What to produce —
All of the data should be reproduced word for word, though its pictures must be omitted.

Provided material —
::::::::
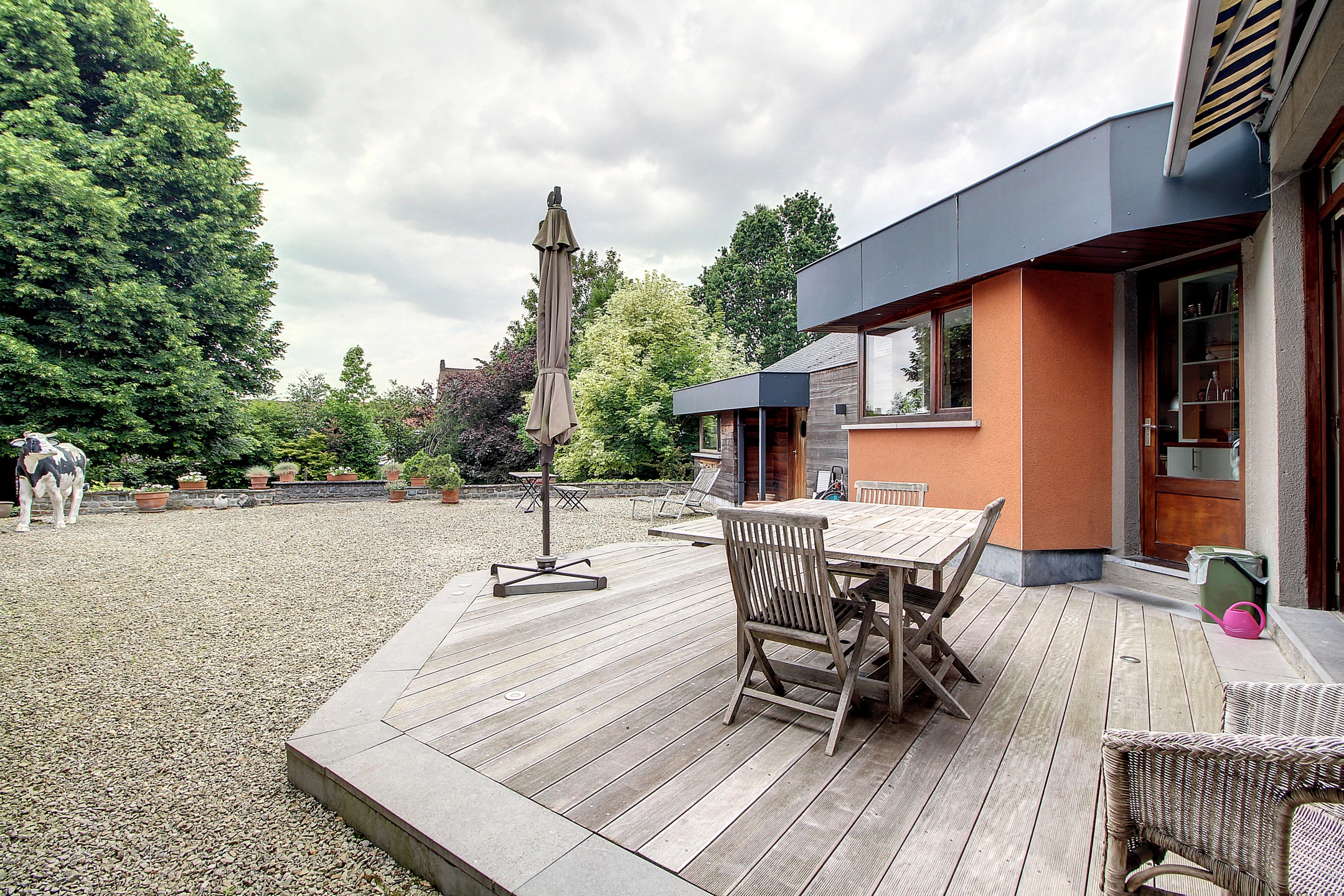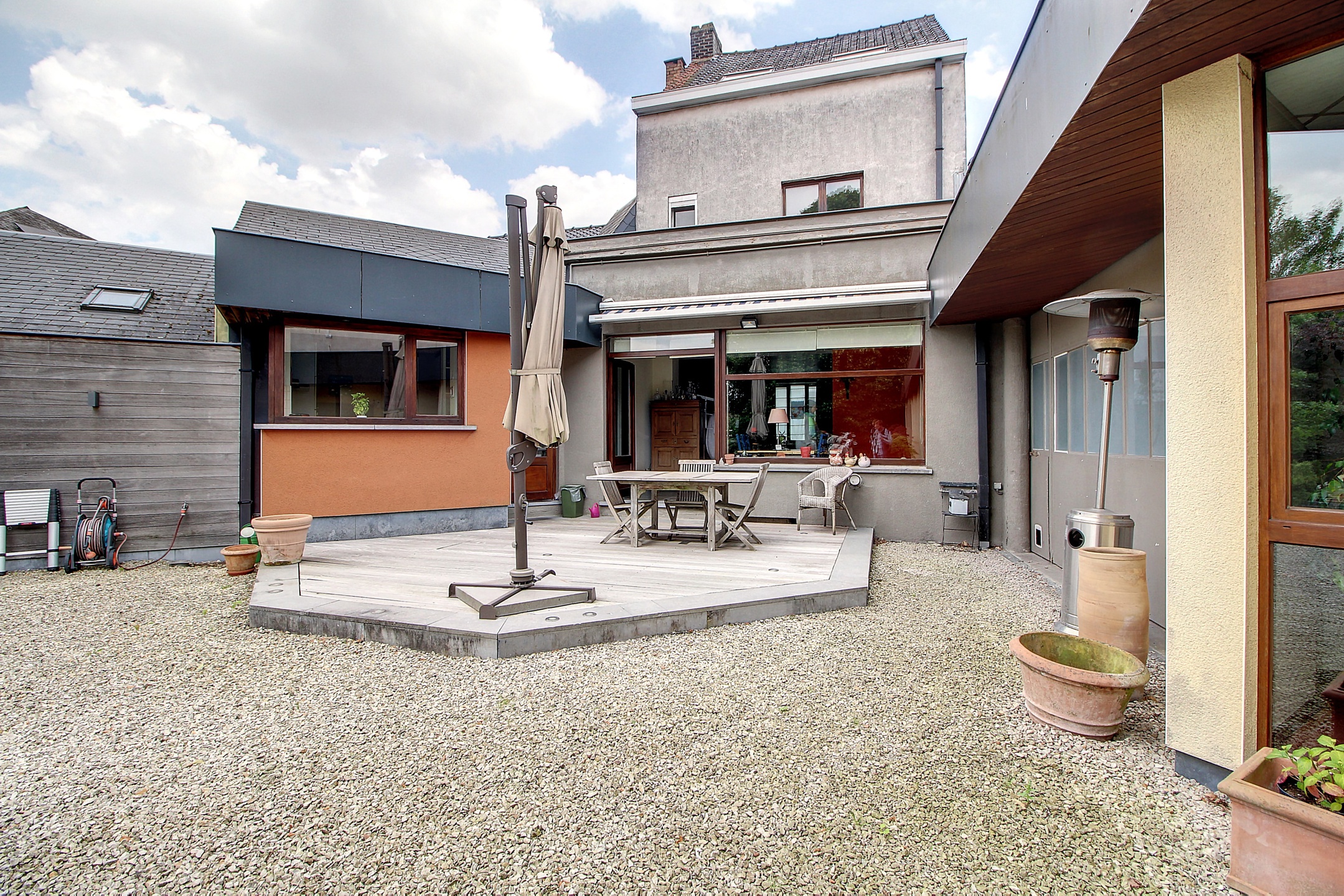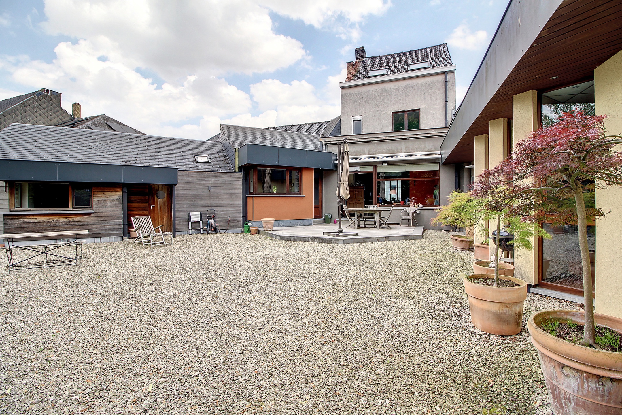 Spacieuse habitation avec bureaux/atelier, garage et jardin. L’habitation se compose d’un hall d’entrée avec wc, d’un living de +/- 45m², et d’une cuisine contemporaine totalement équipée. L’espace parental du rez comprend la chambre, la salle de bain et le dressing. Au 1er, 2 chambres, salle de bain et wc. Et enfin une chambre de +/- 45m² aménagée au second. Un garage (avec espace buanderie) de + de 60m². Les bureaux/atelier composés d’un hall d’entrée, de plusieurs bureaux, kitchenette, wc, chaufferie et d’une vaste pièce de rangement offrent une superficie de +/- 215m². L’ensemble donnant sur un grand jardin calme et ensoleillé.
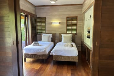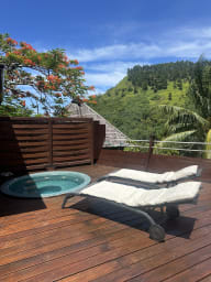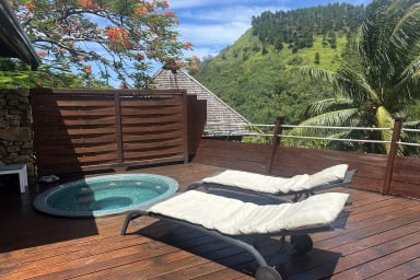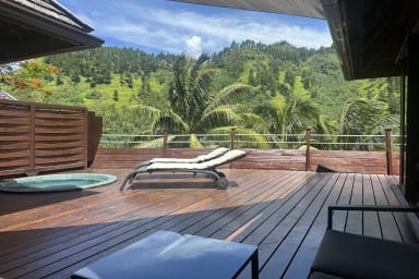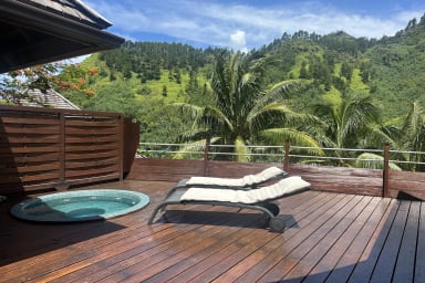 Elegant single-level vacation rental in Moorea, Balinese-style, featuring three bedrooms, a terrace with an outdoor hot tub, and a peaceful setting within a private and secure residence.
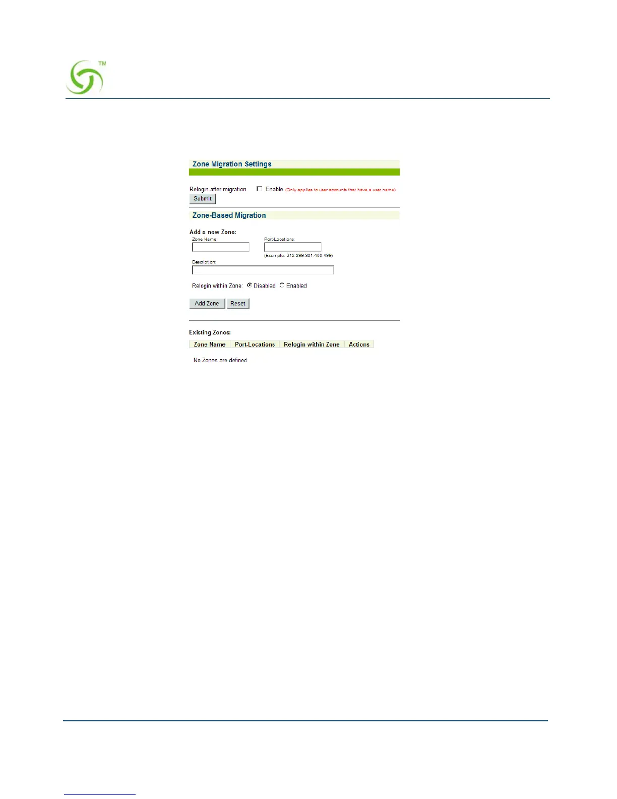 2. Select Relogin after migration to enable the Zone Migration feature.
::::::::
Task result —
 Spacieuse habitation avec bureaux/atelier, garage et jardin. L’habitation se compose d’un hall d’entrée avec wc, d’un living de +/- 45m², et d’une cuisine contemporaine totalement équipée. L’espace parental du rez comprend la chambre, la salle de bain et le dressing. Au 1er, 2 chambres, salle de bain et wc. Et enfin une chambre de +/- 45m² aménagée au second. Un garage (avec espace buanderie) de + de 60m². Les bureaux/atelier composés d’un hall d’entrée, de plusieurs bureaux, kitchenette, wc, chaufferie et d’une vaste pièce de rangement offrent une superficie de +/- 215m². L’ensemble donnant sur un grand jardin calme et ensoleillé.
 Elegant single-level vacation rental in Moorea, Balinese-style, featuring three bedrooms, a terrace with an outdoor hot tub, and a peaceful setting within a private and secure residence.
 2. Select Relogin after migration to enable the Zone Migration feature.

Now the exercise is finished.